» Aim of the task
Return every record below exactly as written, omitting any pictures.

» Entries taken from a collection
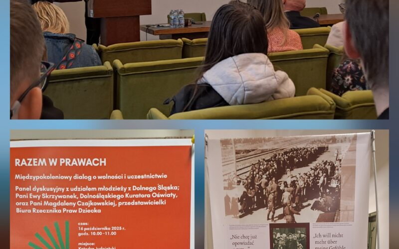 16 października reprezentacja ósmoklasistów wzięła udział w międzynarodowym panelu dyskusyjnym RAZEM W PRAWACH: MIĘDZYPOKOLENIOWY DIALOG O WOLNOŚCI I UCZESTNICTWIE, który odbył się w auli Wydziału Judaistyki Uniwersytetu Wrocławskiego W RAMACH PROJEKTU
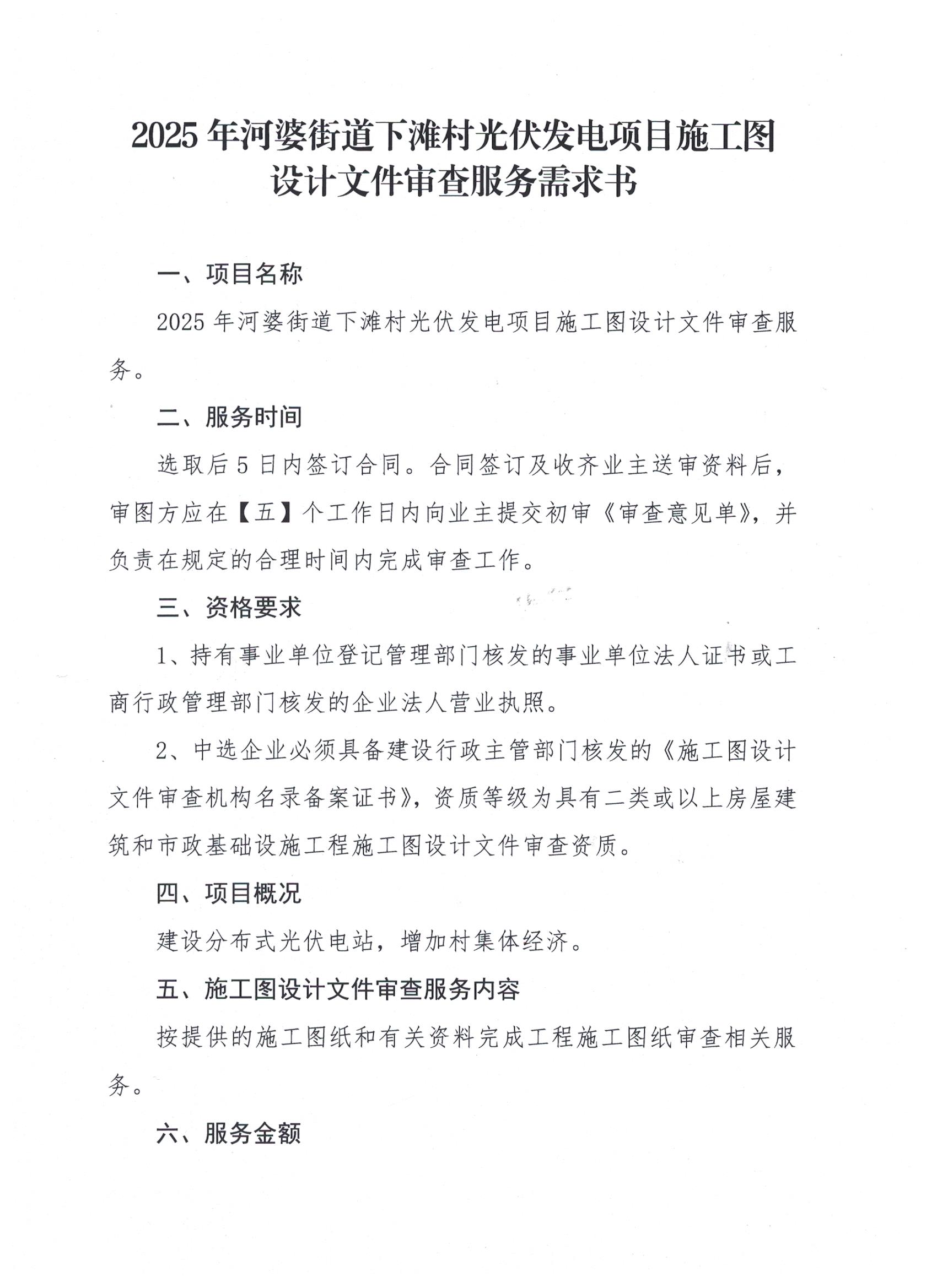 2025年河婆街道下滩村光伏发电项目施工图设计文件审查服务
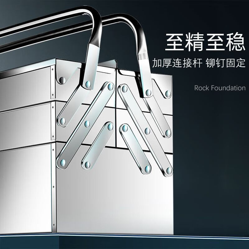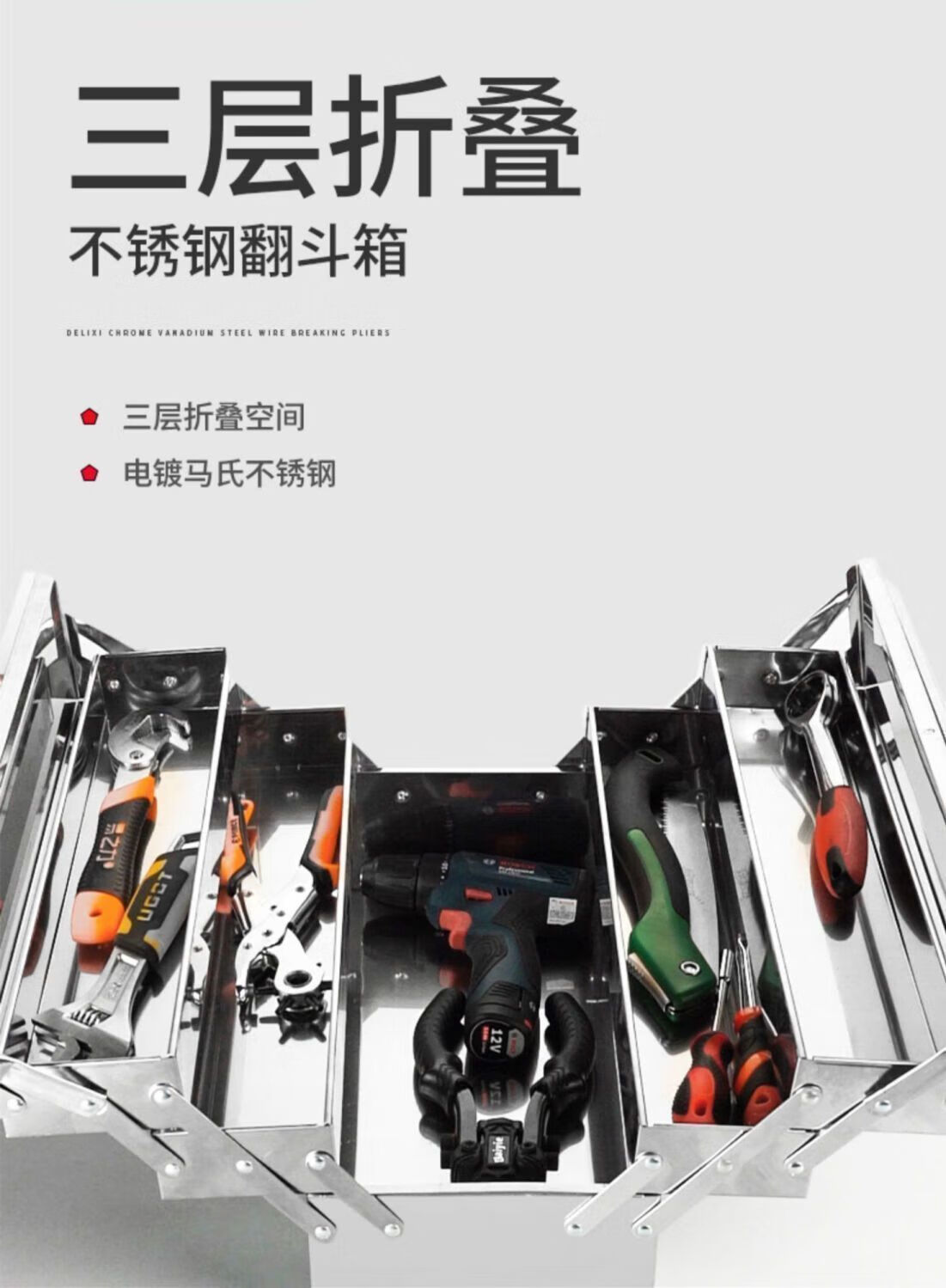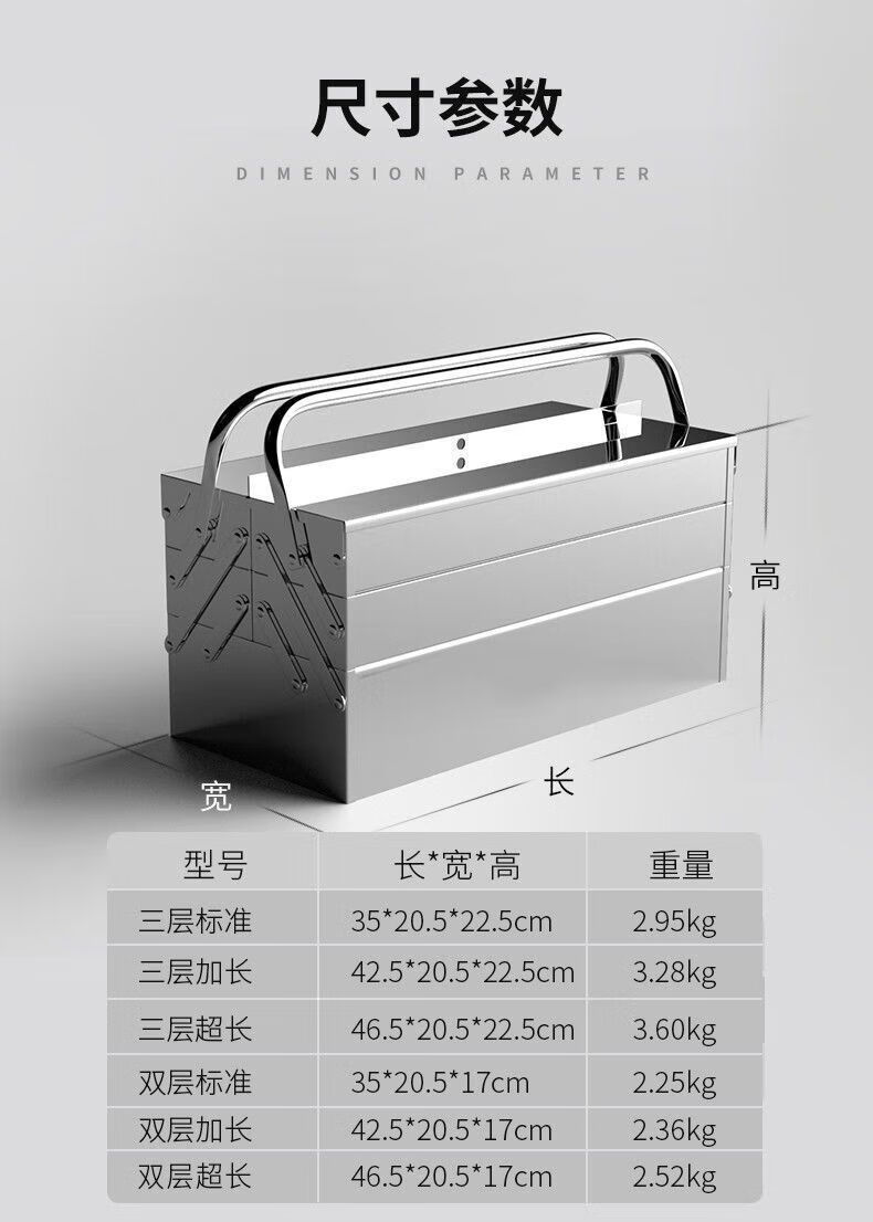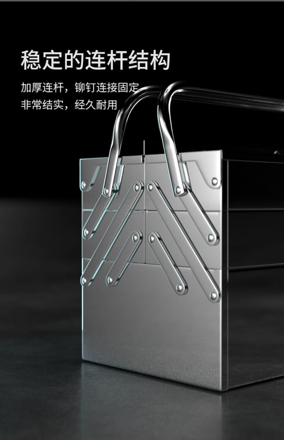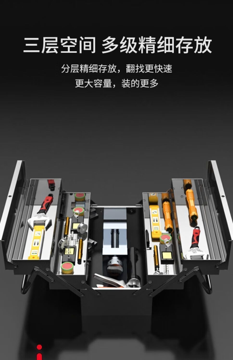 NAOISKEY Super-thick stainless steel tool box three-layer folding household car-mounted portable iron industrial storage box multi-functional RUIYONG German craftsmanship single-layer iron box small size
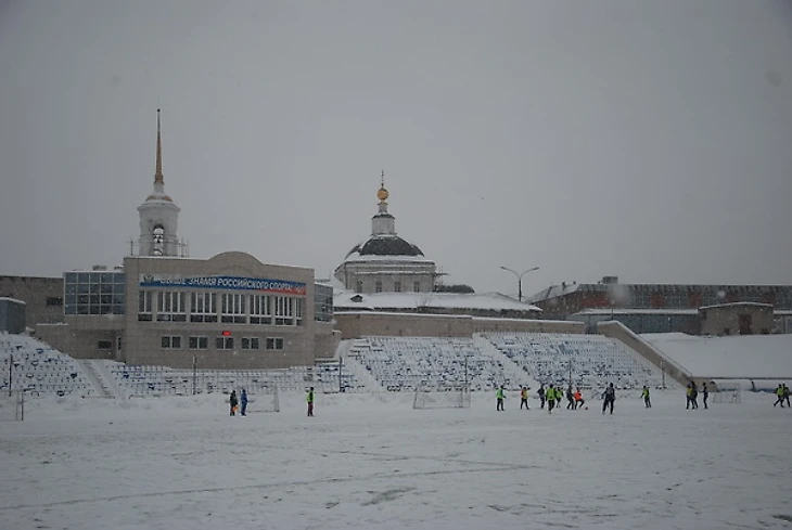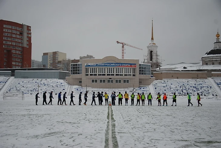 В целом все это вместе выглядело довольно сюрреалистично. Заснеженное поле, заваленные снегом трибуны, церковь, новый жилой комплекс несколько мрачноватого вида, сильный снегопад, все бело-серое, мельтешащие на поле футболисты, бело-серое небо, в общем, красота.
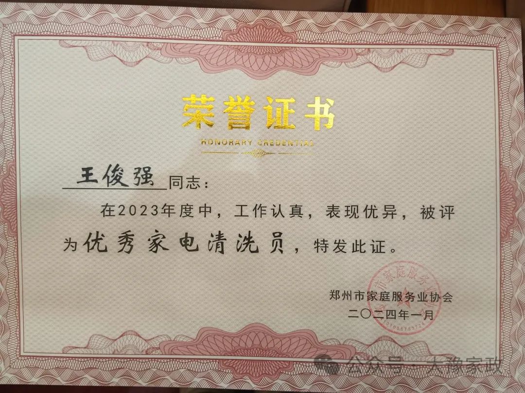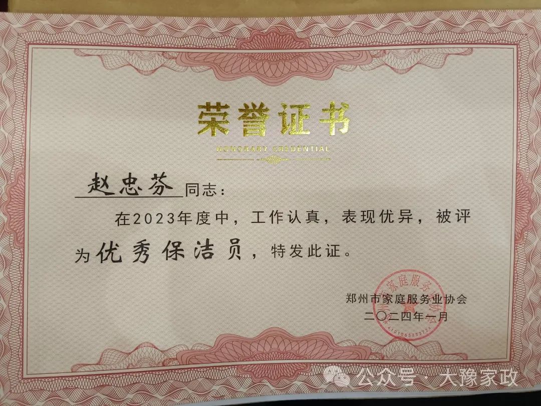 高雪云女士榮獲“鄭州市家政服務(wù)行業(yè)巾幗建功標兵”。

» Result for this exercise
 16 października reprezentacja ósmoklasistów wzięła udział w międzynarodowym panelu dyskusyjnym RAZEM W PRAWACH: MIĘDZYPOKOLENIOWY DIALOG O WOLNOŚCI I UCZESTNICTWIE, który odbył się w auli Wydziału Judaistyki Uniwersytetu Wrocławskiego W RAMACH PROJEKTU
 2025年河婆街道下滩村光伏发电项目施工图设计文件审查服务
 NAOISKEY Super-thick stainless steel tool box three-layer folding household car-mounted portable iron industrial storage box multi-functional RUIYONG German craftsmanship single-layer iron box small size
 В целом все это вместе выглядело довольно сюрреалистично. Заснеженное поле, заваленные снегом трибуны, церковь, новый жилой комплекс несколько мрачноватого вида, сильный снегопад, все бело-серое, мельтешащие на поле футболисты, бело-серое небо, в общем, красота.
 高雪云女士榮獲“鄭州市家政服務(wù)行業(yè)巾幗建功標兵”。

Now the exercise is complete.